Result statuses: `pass`, `fail`, `crash`, `timeout`, `install_error`,
`clone_error`, `error`.
## Project Structure
```
labeille/
├── src/labeille/ # Main package
│ ├── cli.py # Click CLI entry point (resolve, run, bisect, scan-deps, registry, analyze)
│ ├── resolve.py # Resolve PyPI packages to source repositories
│ ├── runner.py # Run test suites and capture results
│ ├── bisect.py # Automated crash bisection across git history
│ ├── registry.py # Registry reading/writing/schema
│ ├── registry_cli.py # Batch registry management CLI
│ ├── registry_ops.py # Batch operations (add/remove/rename/set/validate)
│ ├── analyze.py # Data loading and analysis functions
│ ├── analyze_cli.py # Analysis CLI (registry, run, compare, history, package)
│ ├── bench_cli.py # Benchmarking CLI (run, show, compare, track, export)
│ ├── bench/ # Benchmarking subsystem
│ │ ├── runner.py # Benchmark execution engine
│ │ ├── config.py # Profile loading and condition resolution
│ │ ├── compare.py # Statistical comparison
│ │ ├── tracking.py # Longitudinal tracking series
│ │ ├── trends.py # Trend analysis and regression detection
│ │ └── ... # stats, anomaly, constraints, cache, system, export
│ ├── ft_cli.py # Free-threaded testing CLI (run, show, flaky, compat, compare)
│ ├── ft/ # Free-threaded testing subsystem
│ │ ├── runner.py # Free-threading test execution
│ │ ├── results.py # Failure categories and result structures
│ │ ├── compat.py # Extension GIL compatibility detection
│ │ └── ... # analysis, compare, display, export
│ ├── compat_cli.py # Compatibility survey CLI (survey, show, diff, patterns)
│ ├── compat.py # C extension compatibility survey and error classification
│ ├── formatting.py # Shared text formatting (tables, histograms, sparklines)
│ ├── summary.py # Run summary formatting
│ ├── yaml_lines.py # Line-level YAML manipulation
│ ├── classifier.py # Pure Python / C extension detection
│ ├── scan_deps.py # AST-based test dependency scanner
│ ├── import_map.py # Import name to pip package mapping
│ ├── crash.py # Crash detection and signature extraction
│ └── logging.py # Structured logging setup
├── doc/ # Documentation
│ ├── workflow.md # Resolve-run workflow guide
│ ├── benchmarking.md # Benchmarking guide
│ ├── free-threaded.md # Free-threaded testing guide
│ ├── compat.md # Compatibility analysis guide
│ └── enrichment.md # Package enrichment guide
├── tests/ # Unit and integration tests
└── results/ # Test run output (gitignored)
```
The package registry lives in a separate repository:
[laruche](https://github.com/devdanzin/laruche).
Use `labeille registry sync` to fetch it.
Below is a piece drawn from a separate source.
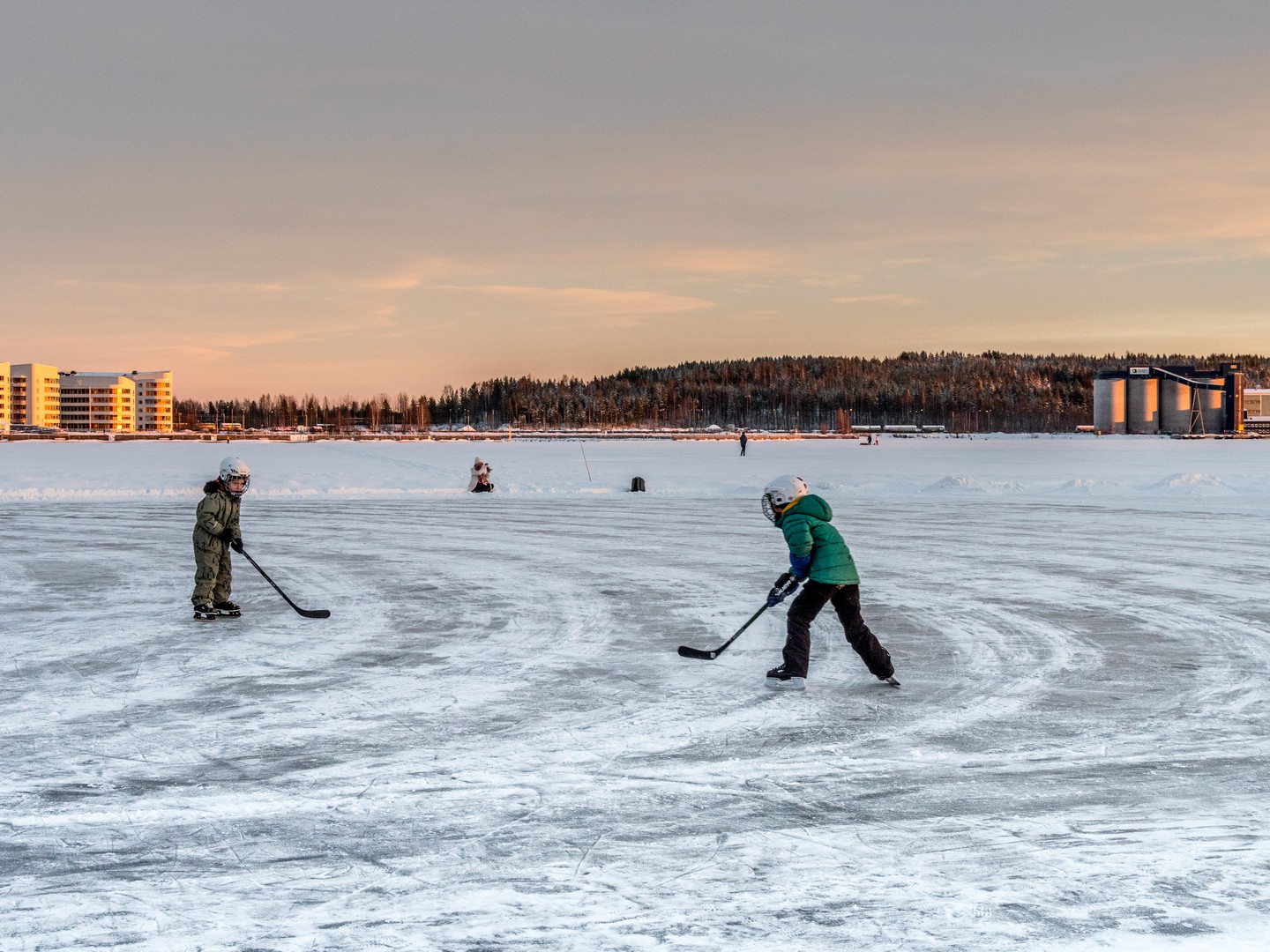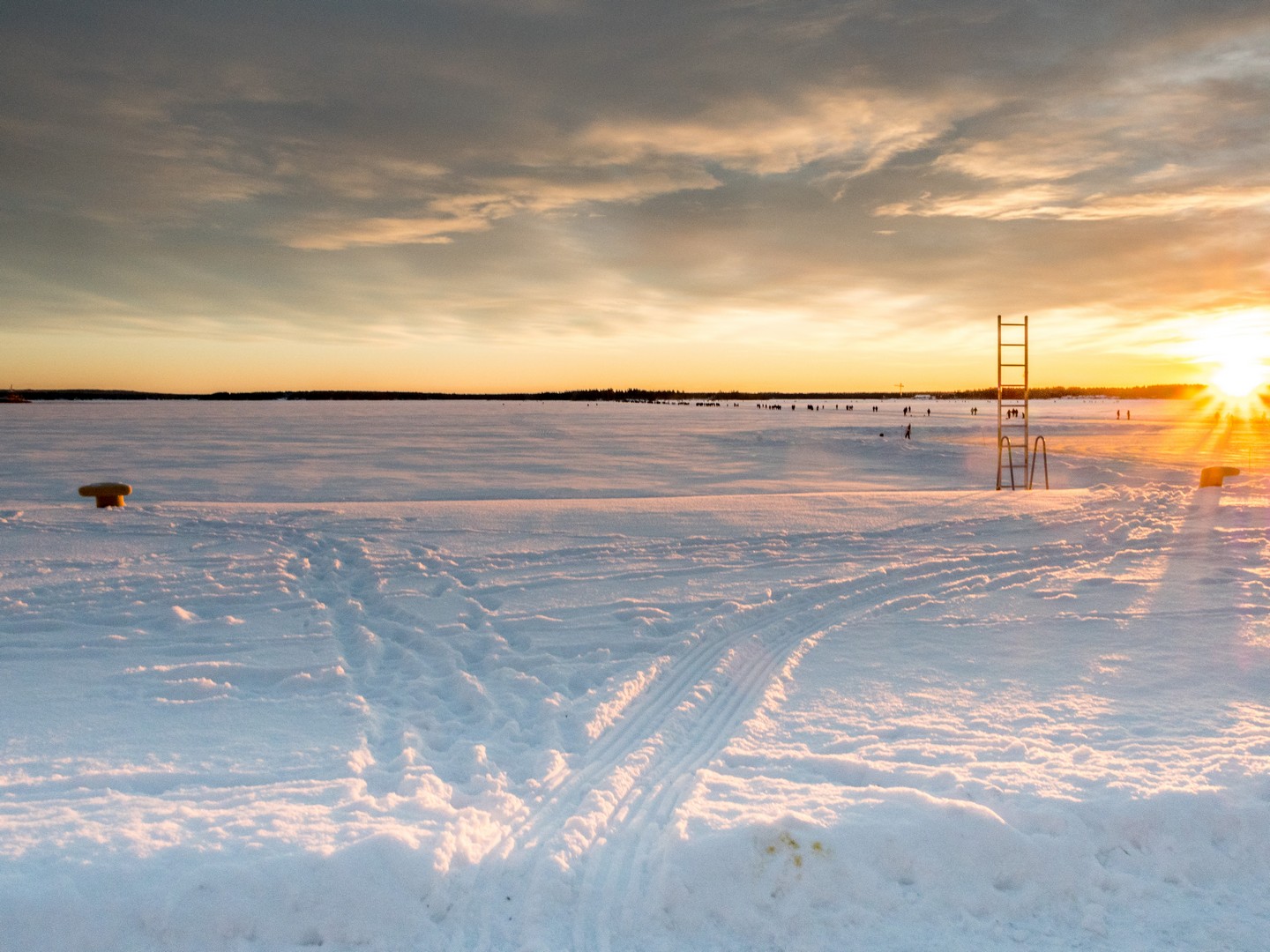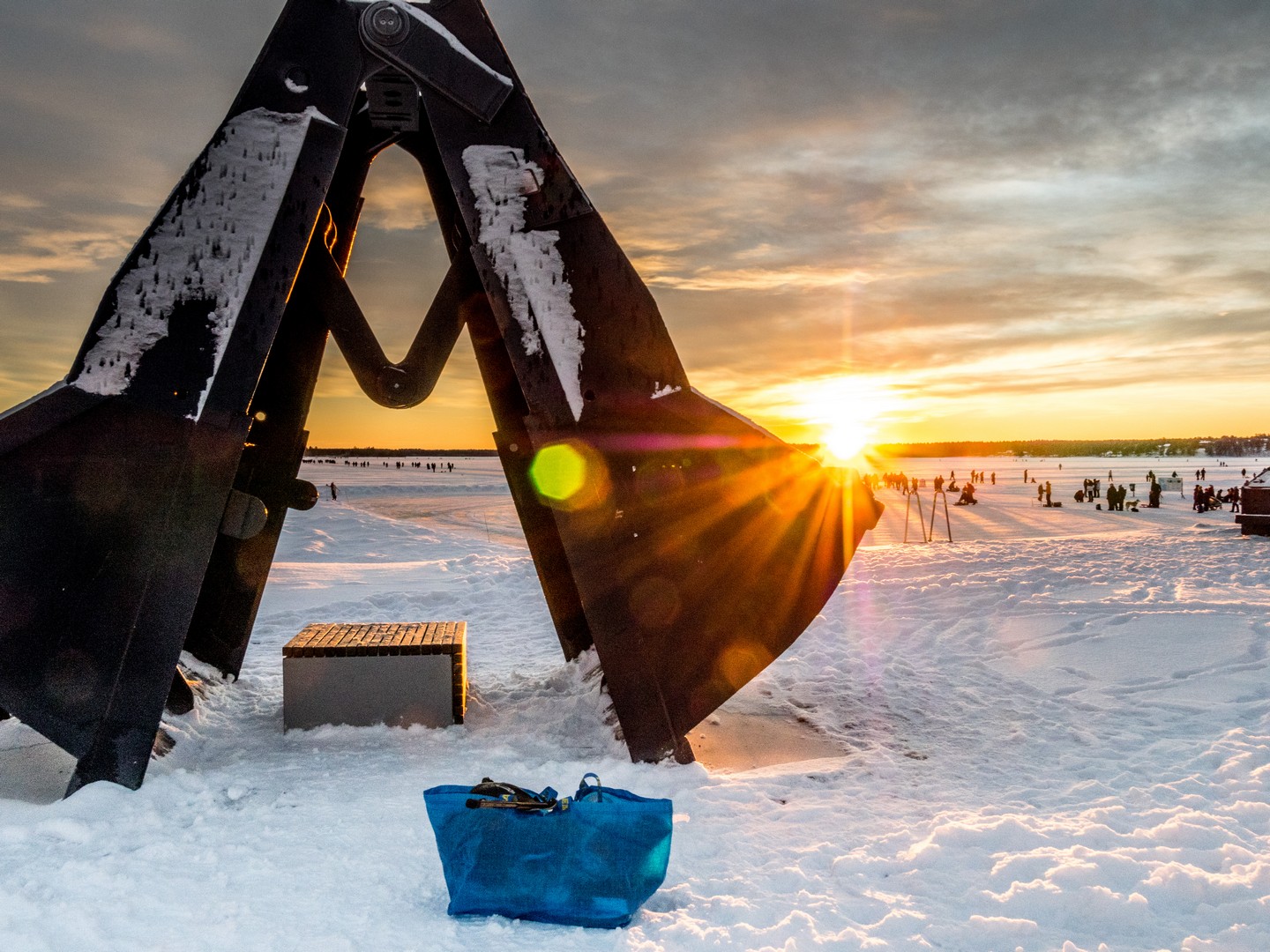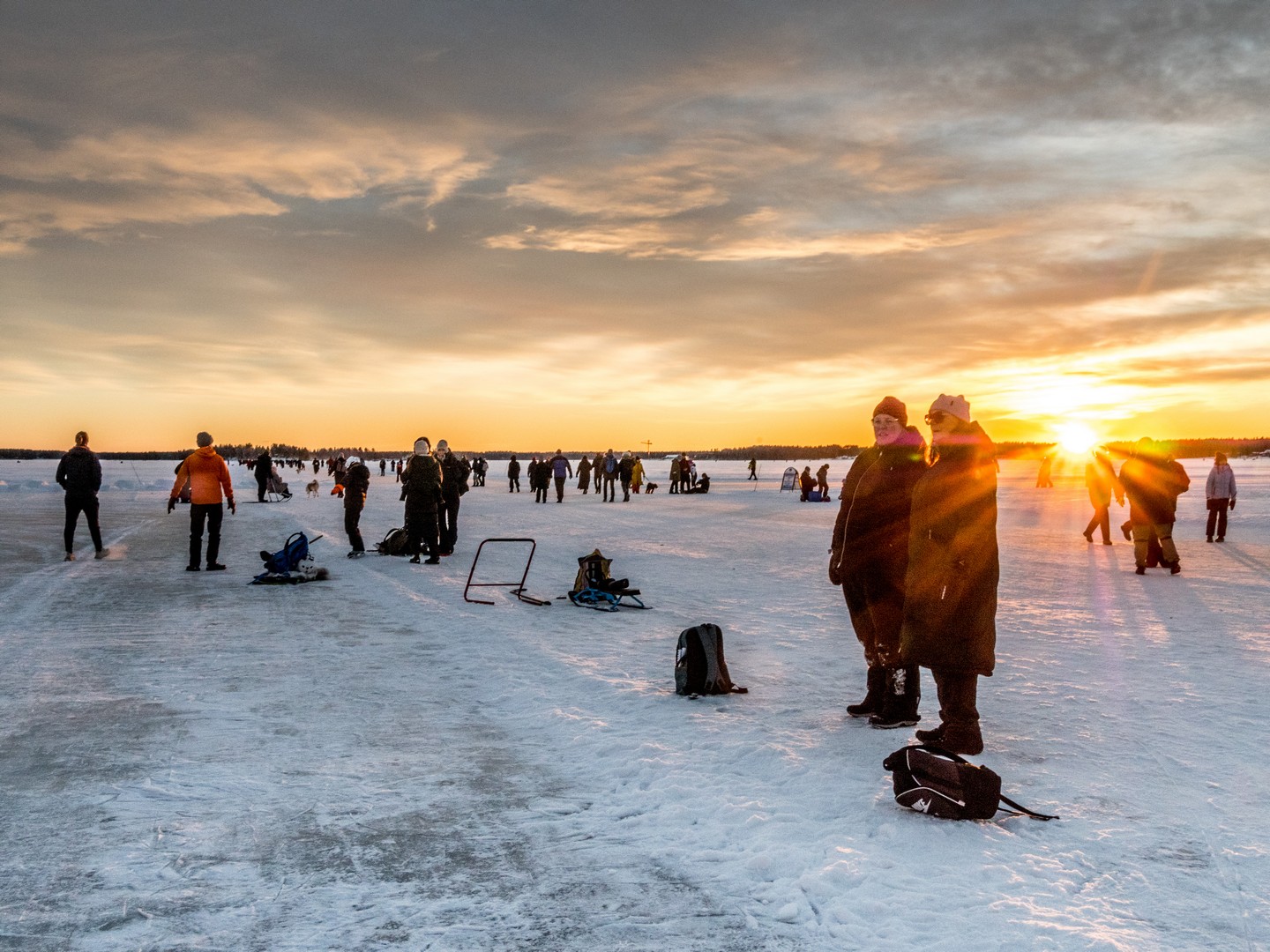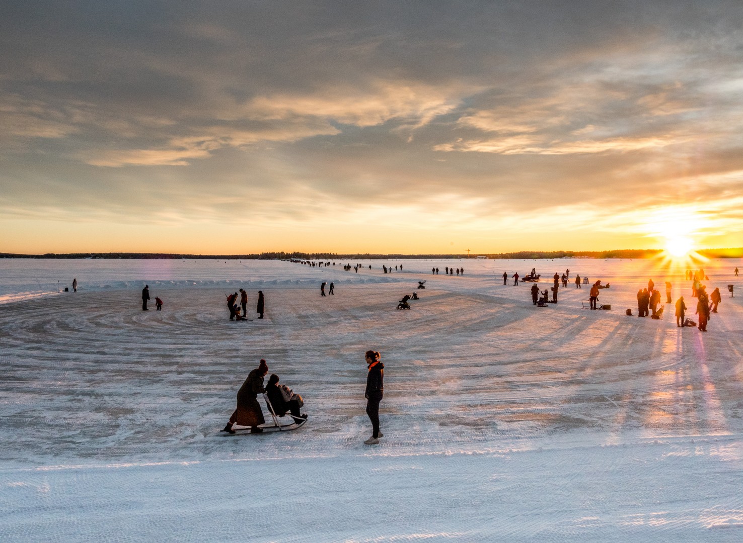 C’est le début de l’après-midi et le soleil se couche sur la ville. Un retour un peu brutal à la civilisation après le calme de la forêt et de Gammelstad. Nous sommes dimanche, il fait beau, il gèle, mais pas trop : c’est la météo idéale pour sortir en famille. Quand on habite en Laponie, on s’emmitoufle et on va se balader sur la patinoire (« Isbanan »), un circuit de 10 kilomètres entre le port nord et le port sud de la ville. On dirait que tout Luleå y est aujourd’hui. Certains en patins, d’autres en kick-sled ou en luge, avec les enfants et même avec le chien. C’est un sacré spectacle et l’ambiance est joyeuse, presque festive. Sous la lumière qui décline, colorant la glace et la neige de nuances orangées, on distingue des milliers de silhouettes qui se rendent en file bien droite vers Gråsjälören, une île de l’archipel de Luleå où un petit café tenu par le Lion’s Club local attend les courageux. On dirait une colonie de fourmis en mouvement !

## Relationship to lafleur
[lafleur](https://github.com/devdanzin/lafleur) and labeille are complementary tools
for finding CPython JIT bugs:
| | lafleur | labeille |
|---|---|---|
| **Approach** | Evolutionary fuzzing | Real-world test suites |
| **Input** | Generated synthetic programs | Existing package tests |
| **Finds** | Structural JIT bugs | Semantic bugs, regressions |
| **Coverage** | Broad, random exploration | Targeted, real usage patterns |
Used together, they provide broad coverage of the JIT's behavior under both synthetic
and real-world workloads.
## Contributing
See [CONTRIBUTING.md](CONTRIBUTING.md) for development setup, coding standards, and
the pull request process.
## Acknowledgments
[Anthropic](https://www.anthropic.com/) provided financial support that enabled access to
advanced AI capabilities for labeille's development. See [CREDITS.md](CREDITS.md) for full
details.
## License
MIT — see [LICENSE](LICENSE) for details.